▶ EXERCISE MATERIALS:
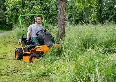 Um den Rücken bestmöglich zu schützen, hat der Komfortsitz des Ikons eine extra hohe Rückenlehne. Gleichzeitig erleichtert die erhöhte Sitzfläche das Aufstehen und Hinsetzen, und die klappbaren Armlehnen entlasten die Schultern. Mit seinen dekorativen Ziernähten ist der Sitz nicht nur bequem, sondern trägt auch seinen Teil zum dynamischen Erscheinungsbild des neuen Zero-Turn-Mähers bei.
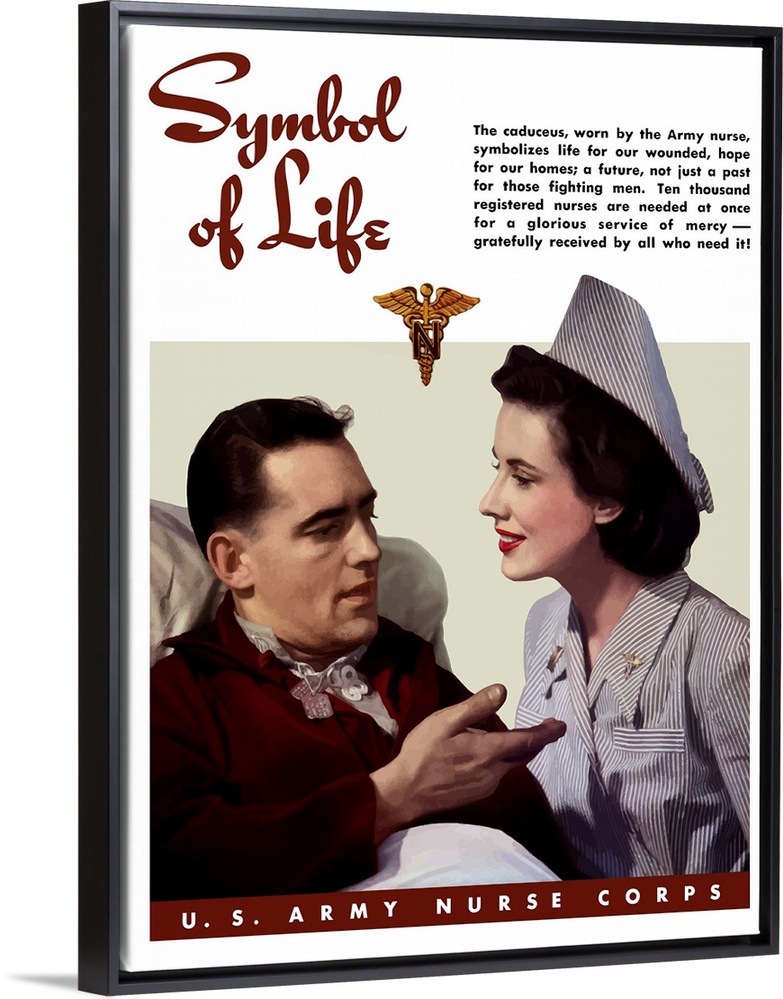 <p>Digitally restored vector war propaganda poster. This vintage World War II poster features an army nurse, a veteran in a hospital bed, and a caduceus. It declares - Symbol of Life, The caduceus, worn by the Army nurse, symbolizes life for our wounded, hope for our homes; a future, not just a past for those fighting men. Ten thousand registered nurses are needed at once for a glorious service of the mercy, gratefully received by all who need it. U.S. Army Nurse Corps.</p>
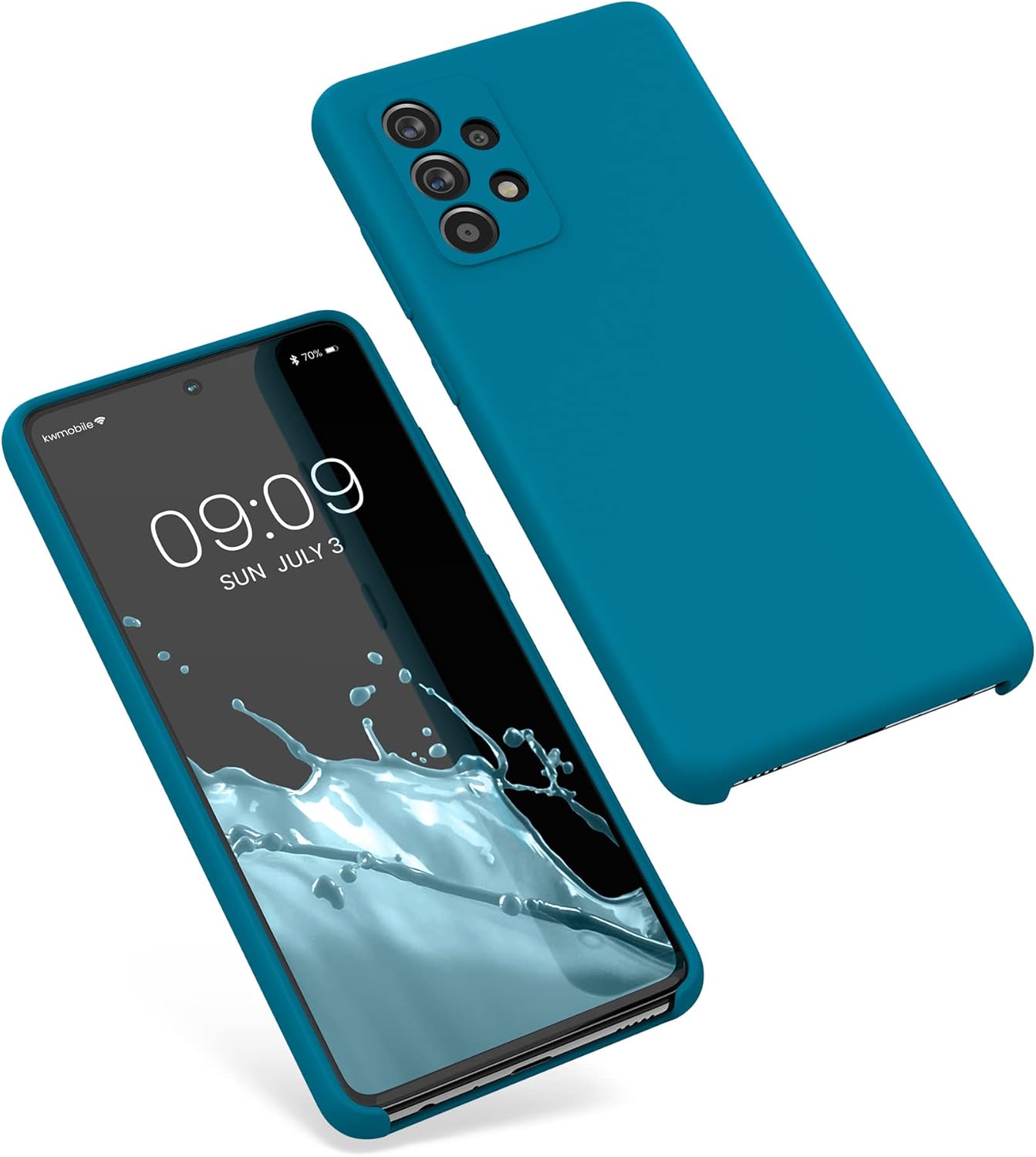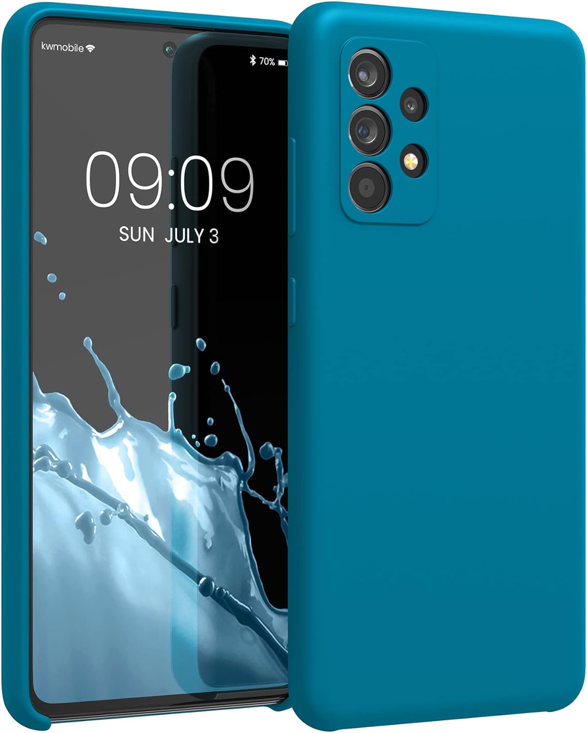 Силиконов калъф kwmobile, съвместим с Samsung Galaxy A52 / A52 5G / A52s 5G, с мека повърхност и безжично зареждане, карибско синьо
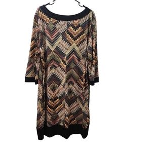 Tiana B Long Sleeve Geometric Print Knee Length Dress Fall Colors Plus Size 18W
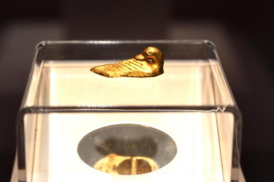 14日、「安徽淮南武王墩1號墓考古成果展」で展示された鴨型金飾。(北京=新華社記者/許蕓潁)
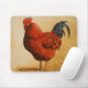Rhode island Red Chicken Tupp stod i torrgräset på en varm solsommardag. Realistiskt konstnärligt verk skapat från en ursprunglig oljemålning av häst- och vildlevande konstnären Crista S. Forest.

▶ ACTION ITEM: Of the records above, print only the lines from the one containing "<p>Digitally restored vector" through the one containing "14日、「安徽淮南武王墩1號", inclusive and unaltered, leaving out pictures.

▶ ANSWER FOR THE TASK:
 <p>Digitally restored vector war propaganda poster. This vintage World War II poster features an army nurse, a veteran in a hospital bed, and a caduceus. It declares - Symbol of Life, The caduceus, worn by the Army nurse, symbolizes life for our wounded, hope for our homes; a future, not just a past for those fighting men. Ten thousand registered nurses are needed at once for a glorious service of the mercy, gratefully received by all who need it. U.S. Army Nurse Corps.</p>
 Силиконов калъф kwmobile, съвместим с Samsung Galaxy A52 / A52 5G / A52s 5G, с мека повърхност и безжично зареждане, карибско синьо
 Tiana B Long Sleeve Geometric Print Knee Length Dress Fall Colors Plus Size 18W
 14日、「安徽淮南武王墩1號墓考古成果展」で展示された鴨型金飾。(北京=新華社記者/許蕓潁)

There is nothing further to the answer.